The InfluxDB mixin contains the following dashboards:

  • InfluxDB cluster overview
  • InfluxDB instance overview
  • InfluxDB logs overview

and the following alerts:

  • InfluxDBWarningTaskSchedulerHighFailureRate
  • InfluxDBCriticalTaskSchedulerHighFailureRate
  • InfluxDBHighBusyWorkerPercentage
  • InfluxDBHighHeapMemoryUsage
  • InfluxDBHighAverageAPIRequestLatency
  • InfluxDBSlowAverageIQLExecutionTime

InfluxDB cluster overview

The InfluxDB cluster overview dashboard provides details on the cluster's performance and highlights top instances. The dashboard covers all available aspects of InfluxDB performance and integration health, including Golang performance, query/request load, and task scheduler activity.

First screenshot of the InfluxDB cluster overview dashboard Second screenshot of the InfluxDB cluster overview dashboard Third screenshot of the InfluxDB cluster overview dashboard

InfluxDB instance overview

The InfluxDB instance overview dashboard provides details on one or more instances, including instance configuration stats, Golang performance, query/request load, and task scheduler activity.

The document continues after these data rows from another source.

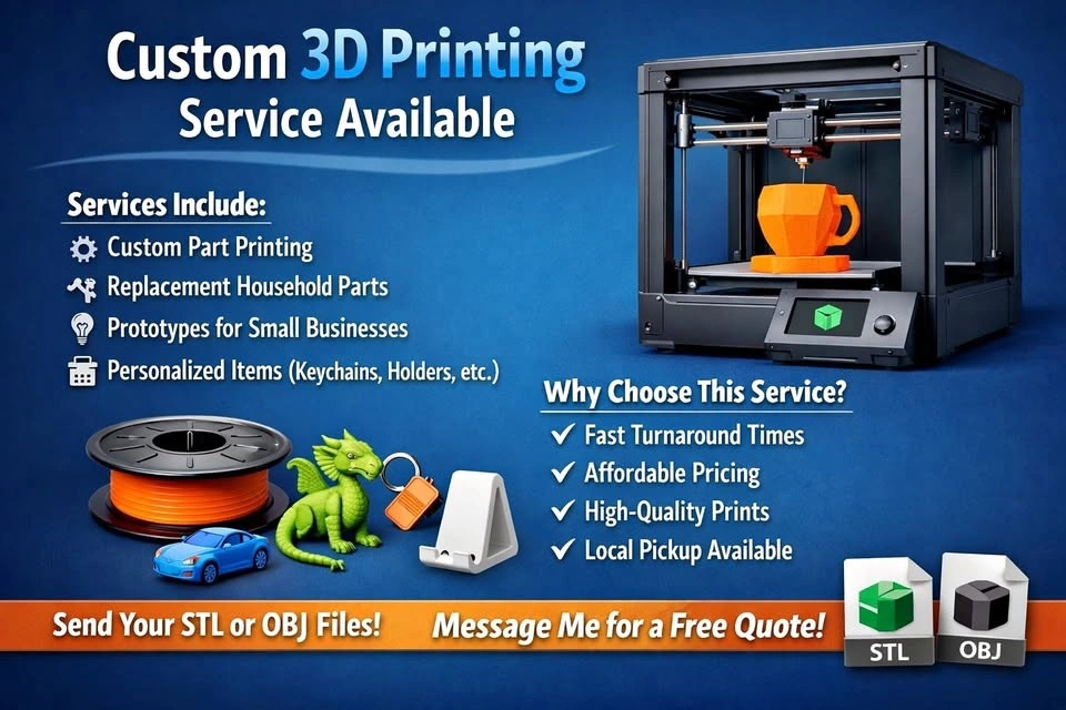 Need a custom part, prototype, replacement piece, or personalized item? I offer reliable 3D printing services for small projects, hobby parts, business prototypes, and custom designs. Services include: • Custom part printing • Replacement household or mechanical parts • Prototypes for small businesses or students • Personalized items (keychains, holders, organizers, etc.) Why choose this service? • Fast turnaround times • Affordable pricing based on size and material • High-quality prints • Local pickup available Send me a message with your design file (STL/OBJ) or a description of what you need, and I will provide a quick quote.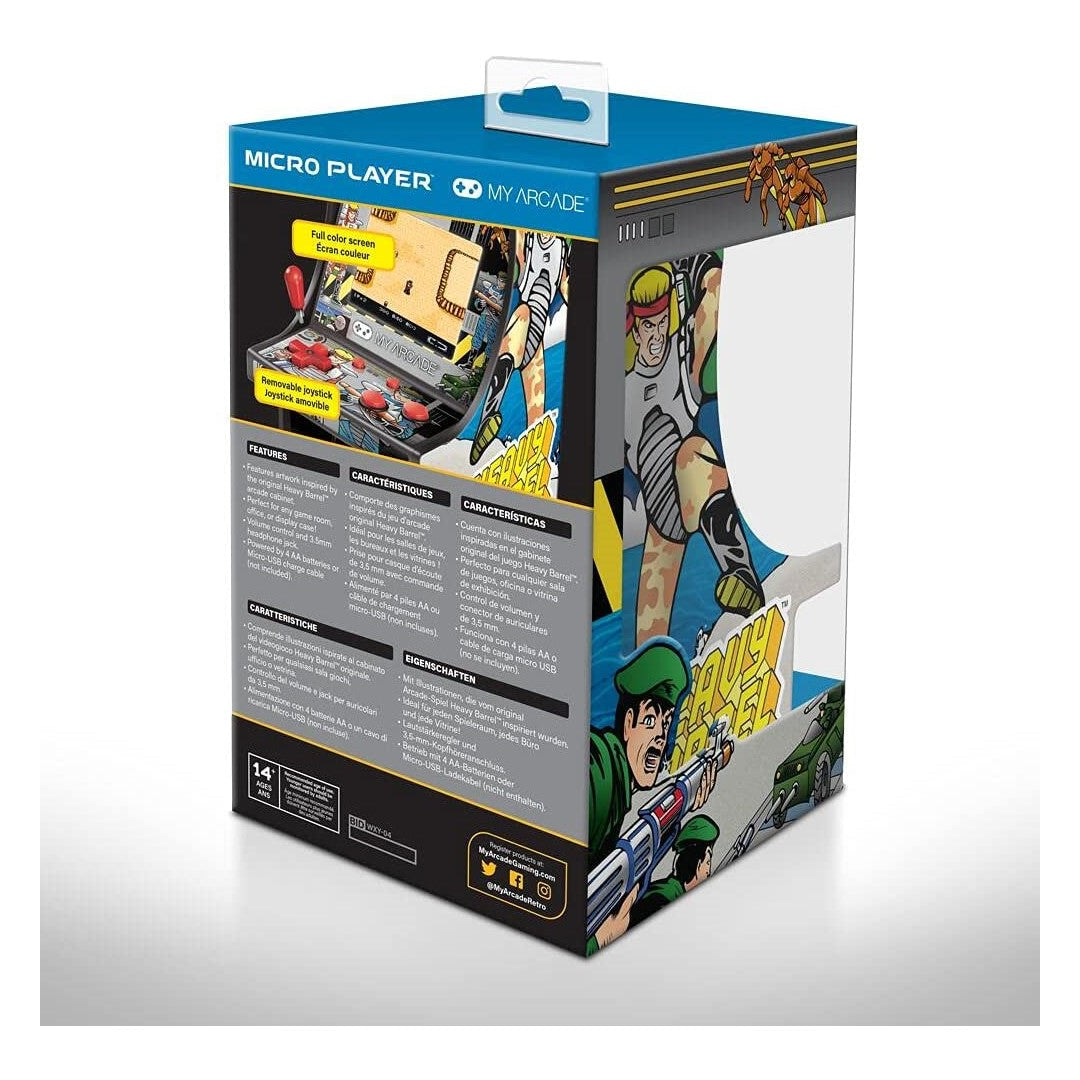 This MY ARCADE® Micro Player™ features the classic game by DATA EAST®, HEAVY BARREL™. Rescuing hostages, infiltrating enemy lairs, and collecting pieces to create the ultimate super weapon - this is Heavy Barrel™! First introduced in 1987, this multi-directional scrolling game has continued to be a favorite of the shoot-em-up style genre. Featuring fast-paced game play and challenging boss fights, HEAVY BARREL™ is as exciting today as when it was first released in the arcade! MY ARCADE® Micro Players™ are 6.75" mini retro arcade machines that are licensed and collectible. They feature original artwork on the cabinet along with a 2.75" full color back-lit display and removable joystick. Micro Players™ are awesome for fans of retro games who love to play, collect, or display classic games.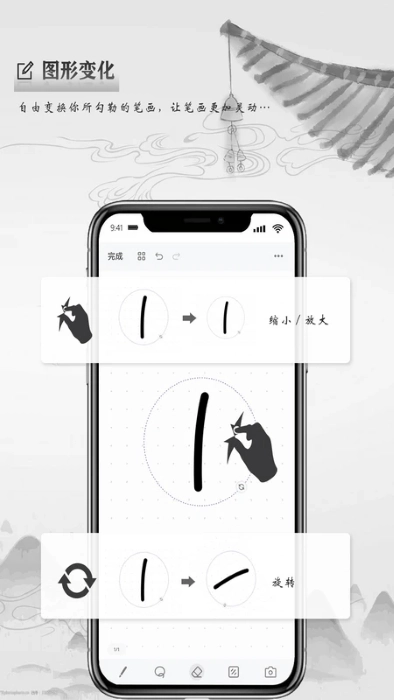 1.支持单选单个图形,也可通过双指操作全选任意图形;选中的图形能够进行无限缩放。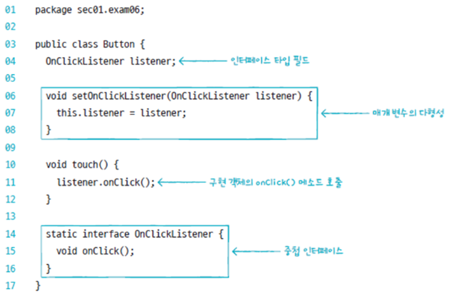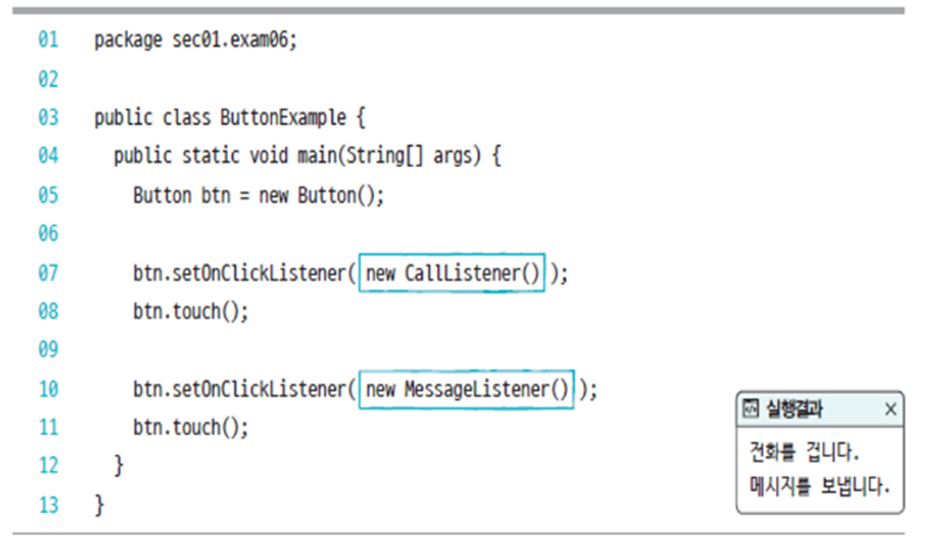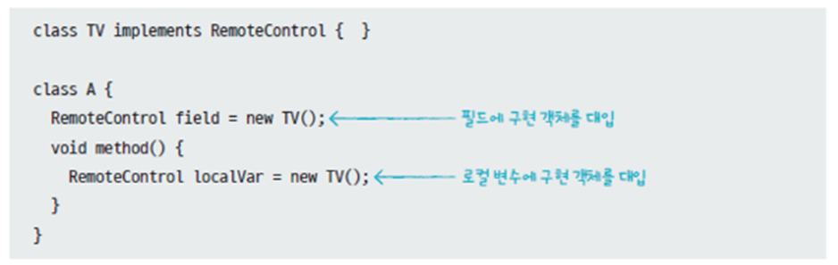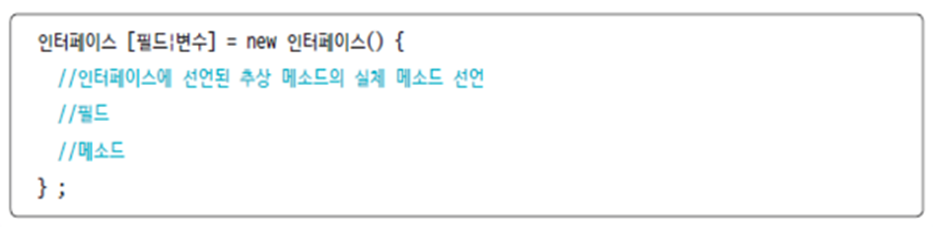 비슷하게 인터페이스 타입의 필드 혹은 변수를 선언 후 new 연산자를 이용한 구현 객체를 초기값으로 대입해 익명 구현 객체를 생성할 수 있다
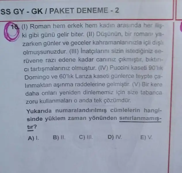 16 numaralı soru E olacak bu tür sorularda zaman kipi arayacağız E şıkkinda zaman kipi yok dolayısıyla zaman bildiren bir durum da yok.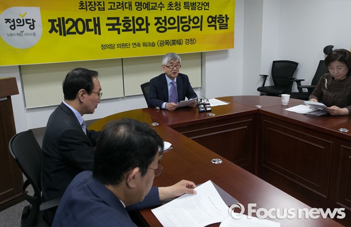 (서울=포커스뉴스) 7일 오전 서울 여의도 국회 의원회관에서 열린 정의당 광폭경청 초청강연에 참석한 최장집 고려대 명예교수가 발언하고 있다.

First screenshot of the InfluxDB instance overview dashboard Second screenshot of the InfluxDB instance overview dashboard Third screenshot of the InfluxDB instance overview dashboard

InfluxDB logs overview

The InfluxDB logs overview dashboard allows users to view incoming InfluxDB logs. The dashboard also allows users to filter logs based on level, service, engine, and custom regex.

Screenshot of the InfluxDB logs dashboard

InfluxDB system logs are enabled by default in the config.libsonnet and can be disabled by setting enableLokiLogs to false. Then run make again to regenerate the dashboard:

{
  _config+:: {
    enableLokiLogs: false,
  },
}

For the selectors to properly work for InfluxDB logs ingested into your logs datasource, please also include the matching instance, job, and influxdb_cluster labels in the scrape_configs to match the labels for ingested metrics.

scrape_configs:
  - job_name: integrations/influxdb
    static_configs:
      - targets: [localhost]
        labels:
          job: integrations/influxdb
          influxdb_cluster: "<your-cluster-name>"
          instance: "<your-instance-name>"
          __path__: /var/log/influxdb/influxdb.log
    pipeline_stages:
        - multiline:
            firstline: 'ts=\d{4}'
        - regex:
            expression: 'ts=(\S+) lvl=(?P<level>\w+) msg=.* log_id=(\S+) (service=(?P<service>\S+) ){0,1}(engine=(?P<engine>\S*) ){0,1}.*$'
        - labels:
            level:
            service:
            engine:

Alerts overview

  • InfluxDBWarningTaskSchedulerHighFailureRate: Automated data processing tasks are failing at a high rate.
  • InfluxDBCriticalTaskSchedulerHighFailureRate: Automated data processing tasks are failing at a critical rate.
  • InfluxDBHighBusyWorkerPercentage: There is a high percentage of busy workers.
  • InfluxDBHighHeapMemoryUsage: There is a high amount of heap memory being used.
  • InfluxDBHighAverageAPIRequestLatency: Average API request latency is too high. High latency will negatively affect system performance, degrading data availability and precision.
  • InfluxDBSlowAverageIQLExecutionTime: InfluxQL execution times are too slow. Slow query execution times will negatively affect system performance, degrading data availability and precision.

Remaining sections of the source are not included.